Union of Independent Intellectuals
- Formation: 1950
- Founder: Charles de Jonquières
- Type: Political and cultural association
- Headquarters: Paris, France
- Official language: French
- President: Claude Adam (notable president)

= Union of Independent Intellectuals =

The Union of Independent Intellectuals (UII, Union des intellectuels indépendants) is a French political and cultural association that operated from 1950 to the early 2000s, providing a platform for right-wing national and anti-communist perspectives while advocating for freedom of expression.

== History ==
The UII was founded around 1950 under the initiative of publisher Charles de Jonquières. It aimed to support individuals condemned during the purges following the Liberation of France. According to its statutes, the UII sought to "group all those who professionally or otherwise engage in intellectual activity and refuse any limitation of their freedom of thought or expression."

The UII's initial objectives included:
- Defending the freedom of expression for intellectuals (writers, journalists, artists, politicians).
- Promoting amnesty for individuals convicted during the post-war purges.
- Securing the release of those not yet tried.

To this end, the UII was involved in forming the "Committee for Grand Amnesty Action" before the 1951 legislative election. This committee advocated for amnesty for the purged and was led by Pierre Leroy (future UII president) and Georges Rivollet.

=== Public Activities ===
The UII gained recognition for organizing informational meetings and debates. Notable participants included figures from the Vichy government, the Third Republic, and contemporary parliamentarians such as Jean-Louis Tixier-Vignancour and Pierre-Étienne Flandin. Events were held at venues such as the Sociétés savantes and the Salle Wagram but sometimes faced prohibitions due to protests from left-wing groups.

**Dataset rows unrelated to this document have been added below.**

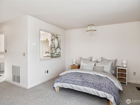 Imagine seeing the Olympics AND having a view of Admiralty Bay, Sound and shipping lanes!The 180 degree vista is seen from the LOWER Primary and Upper level bedroom as well as the Living Room and wrap around newly painted deck. Owner has newly installed flooring, great appliances,Primary and second bathrooms are updated. The Garage has a space for a work shop and is next to the utility room and storage pantry. The eat in kitchen opens to the large living room. HOA dues $300 a quarter to SBCA and$760 quarterly to Bay View Village
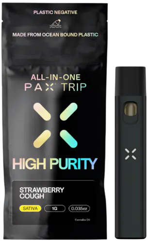 The High Purity Strawberry Cough All-In-One Vape is a sativa-leaning disposable designed for smooth, flavorful pulls and an energizing, clear-headed experience. According to PAX, this all-in-one device delivers the classic berry-sweet and floral profile that Strawberry Cough is famous for, offering a gentle, fruity inhale with a clean finish.
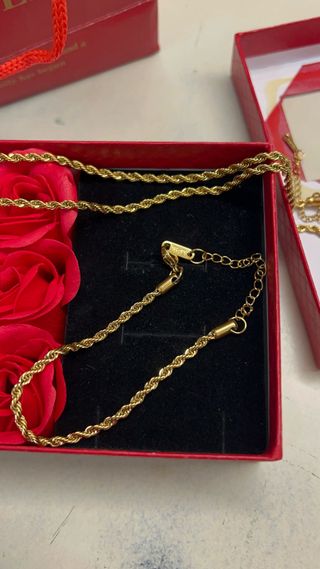 Una pieza sencilla pero muy elegante, ideal tanto para sorprender a alguien especial como para completar tu look diario. ✨ Se trata de un conjunto de collar y cadena laminados en oro de 18k, con un brillo intenso y un acabado fino que luce muchísimo puesto. Está totalmente nuevo, sin uso. La cadena mide 45 cm de largo y 3 milimetros de ancho, y la pulsera 21 cm de largo y 3 milimetros de ancho. queda ajustada al cuello y favorece mucho, mientras que el collar completa el conjunto con un toque delicado y sofisticado, perfecto para llevar juntos o combinar con otros accesorios. No hago cambios, solo venta.
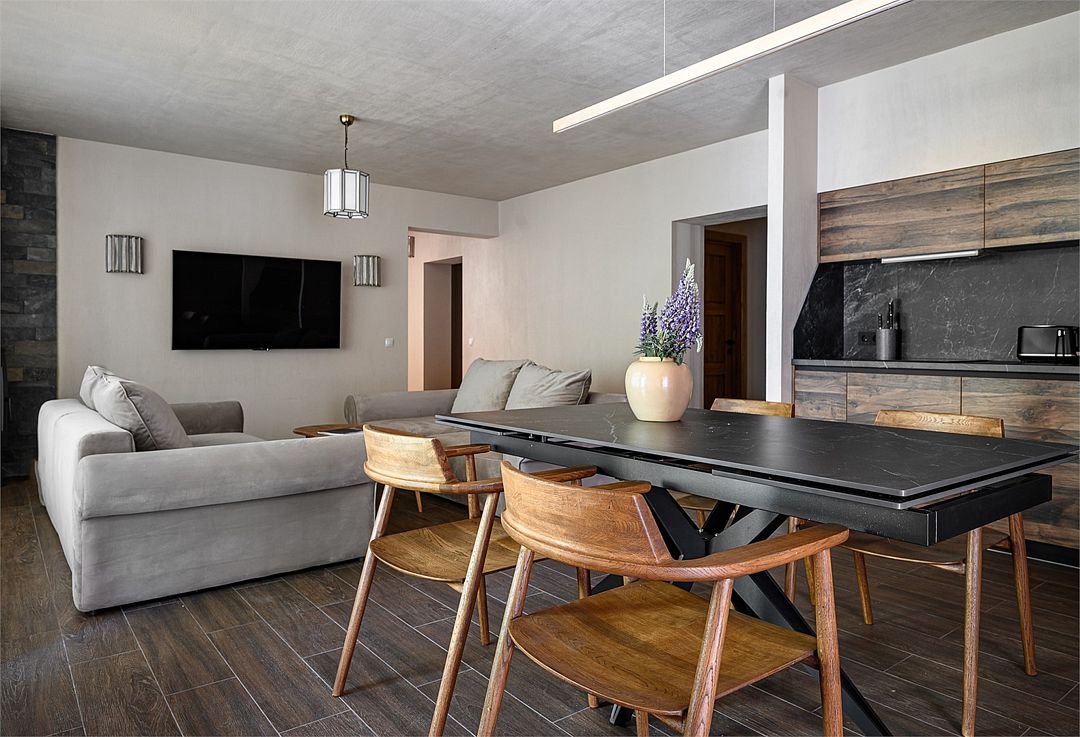Семейный отдыхДостоинстваВо второй половине дня приехали, в первой половине следующего уже уехали. Техника и постельное белье норм, даже пол подогревается. Можно взять в аренду настольные игры.
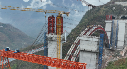 發(fā)布時間 :2025-03-29 11:38 瀏覽次數(shù) : 160烏蒙山大橋,宛如一座即將橫跨天塹的鋼鐵巨龍,其建設(shè)過程充滿了挑戰(zhàn)與創(chuàng)新。主拱圈節(jié)段在特制的胎座上精心預(yù)制,每一塊節(jié)段都如同巨龍身上的關(guān)鍵鱗片,承載著橋梁的穩(wěn)固與安全。預(yù)制完成后,將啟用大噸位、無塔架、可橫移式纜索吊裝系統(tǒng)來進行吊裝作業(yè),這一系統(tǒng)猶如一雙無形卻強大的巨手,精準(zhǔn)地將節(jié)段吊運至指定位置。
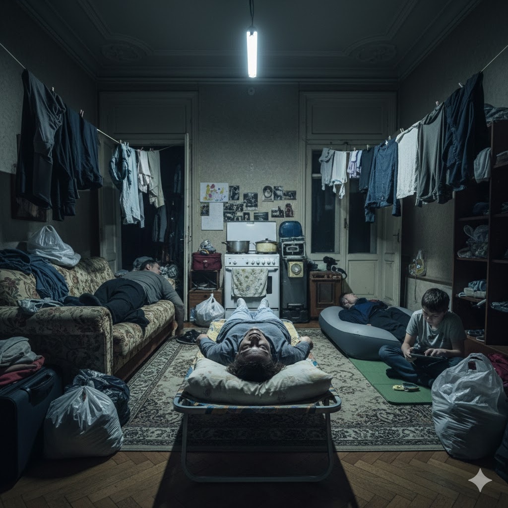 Утро в квартире Марины начиналось не с аромата свежемолотого кофе, а с резкого запаха жареного лука и тяжелого духа непроветренной комнаты. Марина открыла глаза и уставилась в потолок, где по старинной люстре ползла муха. Спина отозвалась ноющей болью — старая раскладушка, ставшая её «постелью» последние двенадцать месяцев, скрипнула под каждым движением.
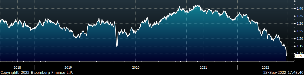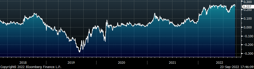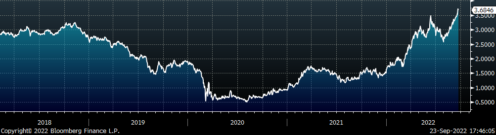 While the FFTR and US Dollar have risen at the sharpest pace in the last 30 years due to aggressive Fed policy, they are still below the peak levels observed over that time. With only two FOMC meetings left on the schedule for the year, the dot plots project an additional 75 basis point hike in the early November meeting and an additional 50 basis point hike in mid-December. This would put the target rate at 4.5% by the end of the year. If inflation persists longer than anticipated, there is runway for further increases based on historical levels.
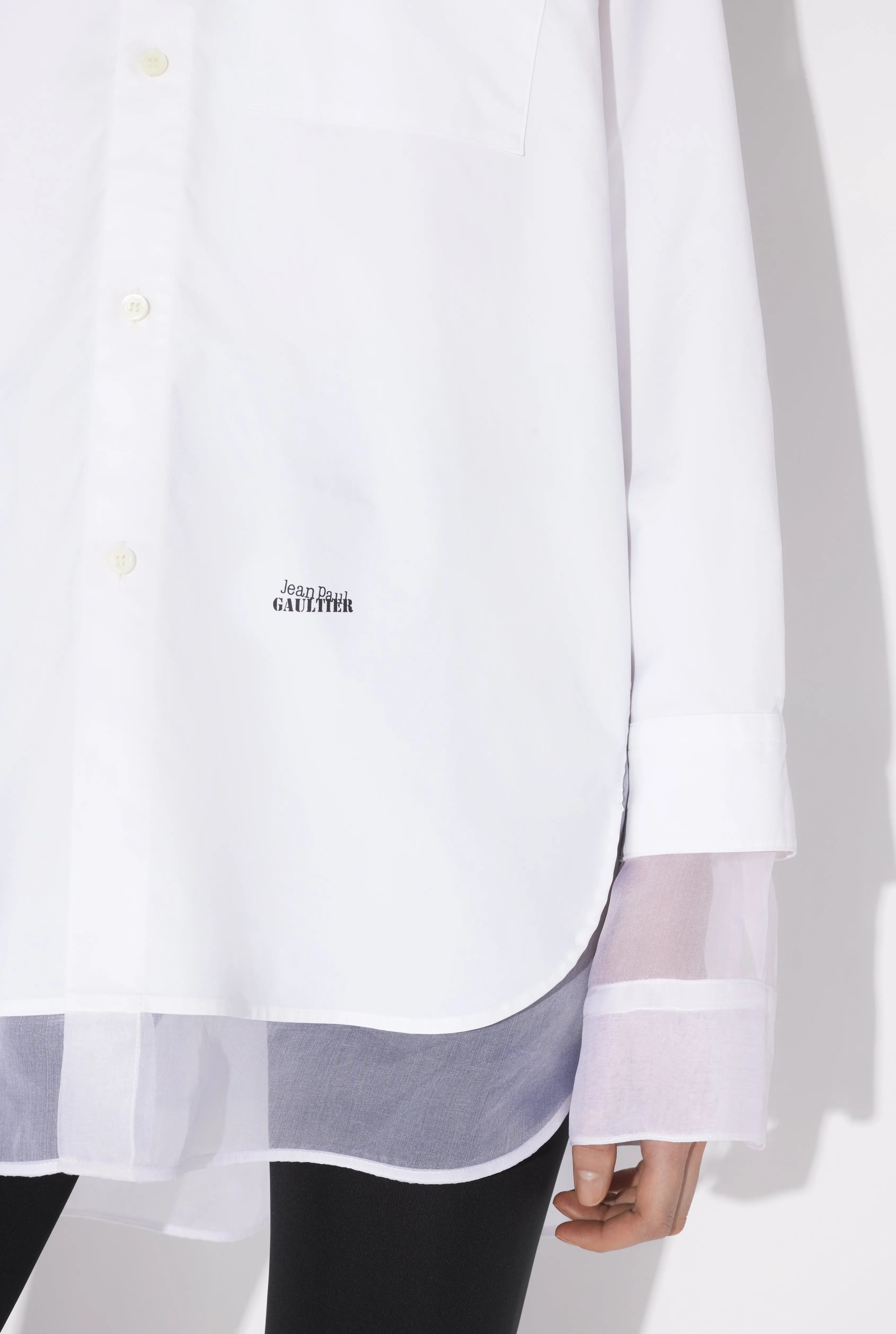 White poplin shirt with silk see-through effects and Jean Paul Gaultier logo detail in front.

The UII also commemorated significant events, such as the anniversary of the Liberation of Paris and the election of Léon Bérard to the Académie française, celebrated at the Hôtel Lutetia.

=== Political Stances ===
The UII opposed Charles de Gaulle's return to power and urged a "No" vote in the 1958 referendum. It also supported the continuation of French Algeria and opposed the 1962 Evian Accords referendum. In the 1965 presidential election, the UII backed François Mitterrand against de Gaulle.

The UII’s anti-Gaullist stance led to the departure of several members. By 2002, Claude Adam, then president, noted that the organization had lost over half its members following the 1958 referendum.

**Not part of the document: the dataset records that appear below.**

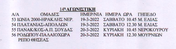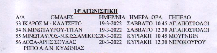 ΕΠΣΧ: Το πρόγραμμα στα Κ14
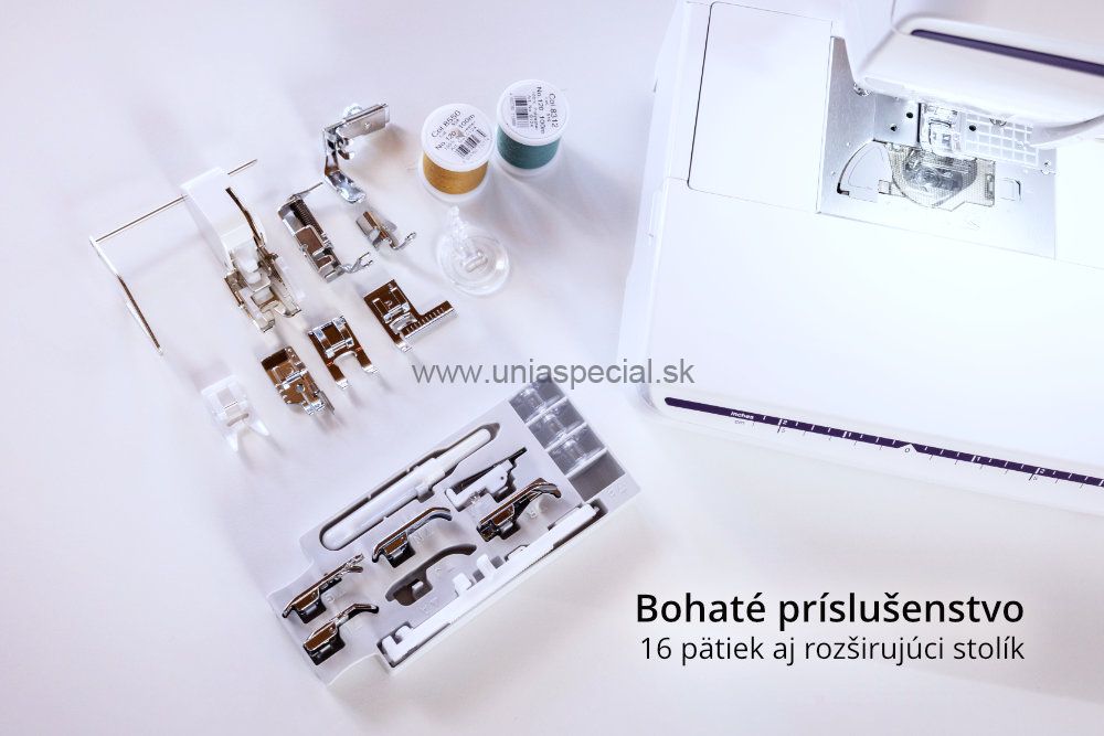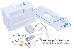 V základnej výbave stroja je stolík pre rozšírenie pracovnej plochy stroja, kolenná páka a celkom 16 pätiek na šitie odevov, patchworku aj bytových dekorácii. S kolennou pákou a automatickým odstrihom nite sa vám budú skvele šiť kabelky.
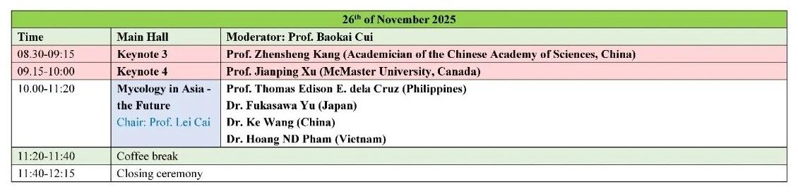 AMC 2025 will convene leading mycologists, researchers, and students from across Asia and around the world to exchange the latest advancements and insights in fungal biology, ecology, biotechnology, and their roles in promoting sustainable development. The programme comprises keynote lectures, thematic symposia, poster presentations, and networking events designed to encourage academic exchange, foster collaboration, and inspire the next generation of mycologists.
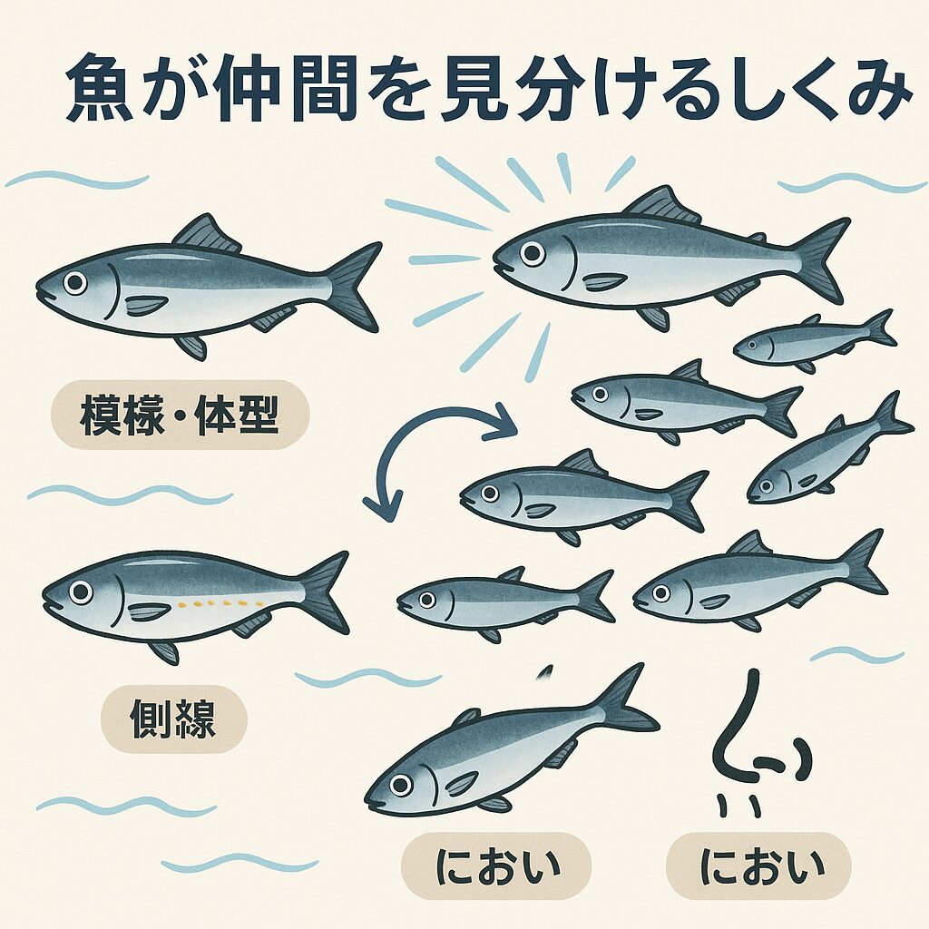 多くの魚は自分と同じ体色や模様の個体を仲間と認識します。
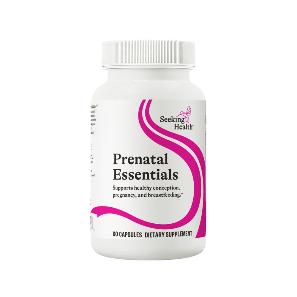 Prenatal Essentials is free of: Milk, egg, fish, shellfish, tree nuts, peanuts, wheat, soy, gluten, GMOs, artificial colors, artificial flavors.
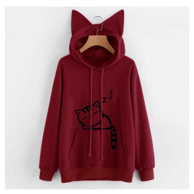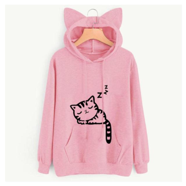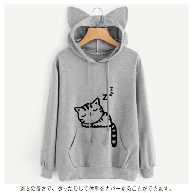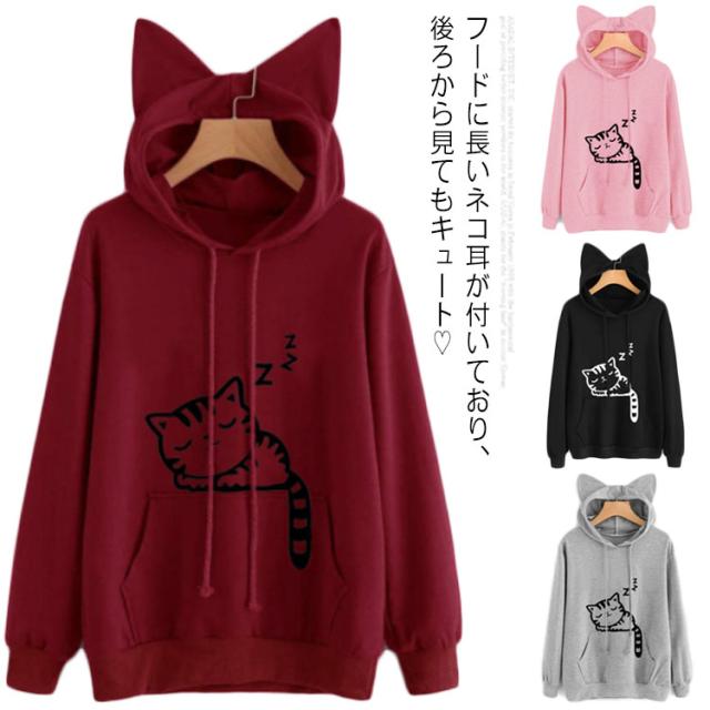 裏起毛 パーカー 猫柄 猫耳 かわいい トップズ スウェット 部屋着 ルームウェア ねこ ネコ ビッグパーカー フード付きパーカー カジュアル
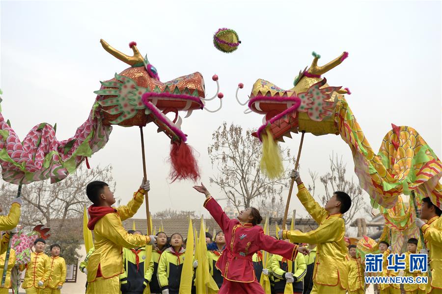1月8日,河北省邢台市东大街小学教师郭晓燕(中)指导学生学习“双龙戏珠”技法。近年来,邢台市东大街小学开展“传承传统文化 舞龙进校园”活动,把舞龙列入学校的传统文化课程,学生们在老师的指导下学习舞龙的扭、挥、跳、摇等技法,让孩子们体验舞龙的魅力,促进传统文化的保护和传承。新华社发(陈雷 摄)

=== Cultural Contributions ===
The UII organized literary events, debates, and book signings featuring authors like Jacques Isorni and Xavier Vallat. It also supported traditionalist Catholic movements, collaborating with figures such as Marcel Lefebvre and François Ducaud-Bourget.

== Leadership ==
- Jean Montigny (1951–1957)
- Pierre Leroy (1957–1959)
- Jacques Isorni (1959–1960)
- Claude Adam (1974–1995)

== Awards ==
In 1977, under Claude Adam’s presidency, the UII established the "Independent Intellectuals Prize," awarded annually for works challenging contemporary conformity. Winners included notable authors like Vladimir Volkoff and Jean Raspail.

== Notable Members ==
Prominent members and sympathizers included:
- Pierre Benoit
- Léon Bérard
- Henry Bordeaux
- Jacques Chastenet
- Paul Morand
- Maurice Bardèche

== Sources ==
- Henry Coston, Partis, journaux et hommes politiques d'hier et aujourd'hui, Lectures Françaises, November 1960.
- Jérôme Cotillon, Ce qu'il reste de Vichy, Armand Colin, 2003.
- Jean-Yves Camus, René Monzat, Les droites nationales et radicales en France, Presses Universitaires de Lyon, 1992.